[Date Prev][Date Next][Thread Prev][Thread Next]
[Date Index]
[Thread Index]
- Subject: Re: UTF-8 and the Windows console
- From: Matthias Kluwe <mkluwe@...>
- Date: Tue, 31 Mar 2009 16:26:43 +0200
Hi!
2009/3/31 David Given <dg@cowlark.com>:
> Matthias Kluwe wrote:
> [...]
>> So, hopefully someone on this list has insight about the behavior of
>> the MS Windows (XP) console regarding UTF-8 encoded data.
>>
>> The windows console does work with UTF-8 if the “codepage” is set to
>> the value 65001, apparently (command chcp 65001). I used lue5.1.exe
>> from luabinaries.luaforge.net for a test (and a self-built lua.exe)
>> with the command
> [...]
>
> - - The console doesn't support any kind of font substitution. If you try
> to render a glyph that's not supported by your current font, you'll get
> a dummy glyph instead. The standard bitmap font supports ASCII-and-a-bit
> only. Here's some instructions on how to use a real font:
Well, _displaying_ things is not my problem, fortunately...

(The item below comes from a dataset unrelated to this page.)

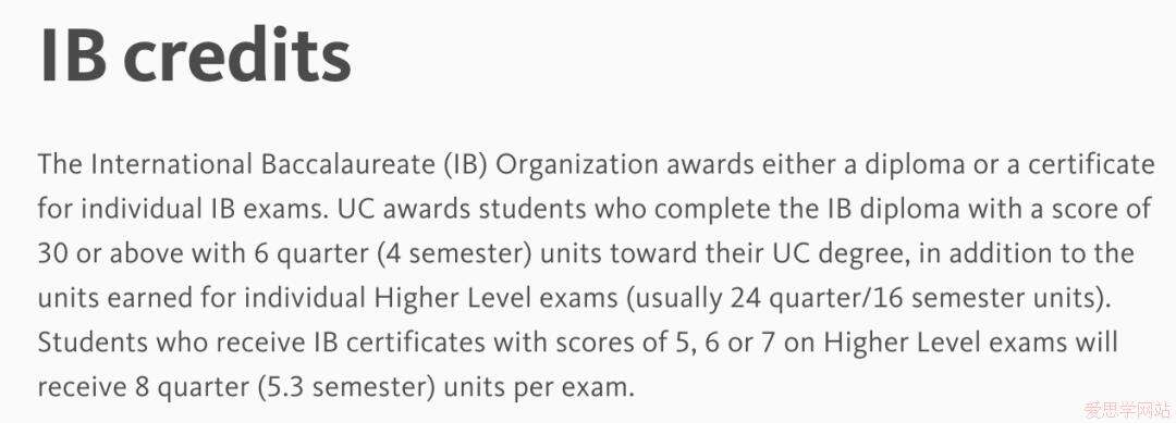 加州大学(UC)系统对成功获得IB文凭且总分达到30分或以上的学生,将额外授予6个学季制学分(4个学期制学分)。如果学生还完成了满足要求的HL课程还能单独获得至高24个学季制学分(16个学期制学分)。

> - - The libc's stdio is not 8-bit clean and I've seen reports that it can
> mangle binary data. If you're using UTF-8 this can cause you to generate
> invalid sequences, which might be what's causing your app to fail.
This may be possible. But two facts drive me crazy:
1) 'echo é > out.txt' writes the correct bytes UTF-8 encoded to 'out.txt'.
2) Reading an UTF-8 encoded file works, using stdio or C++'s std functionality.
This looks quite inconsistent to the observed behavior when reading
from stdin...
> The only actually reliable way I've found of getting Unicode to the
> console is using the WriteConsoleOutputW() functions, which of course
> don't work with redirectable streams... and if you thought ncurses had
> an ugly API, you haven't seen anything yet.
Hmm, this is not nice, really, if you're right. Anyway, until now I
have no problems getting Unicode _to_ the console...
> This URL seems to describe what you're seeing:
>
> http://mail.python.org/pipermail/python-list/2003-April/200079.html
Not really. This is about _displaying_ Unicode, too.
Regards,
Matthias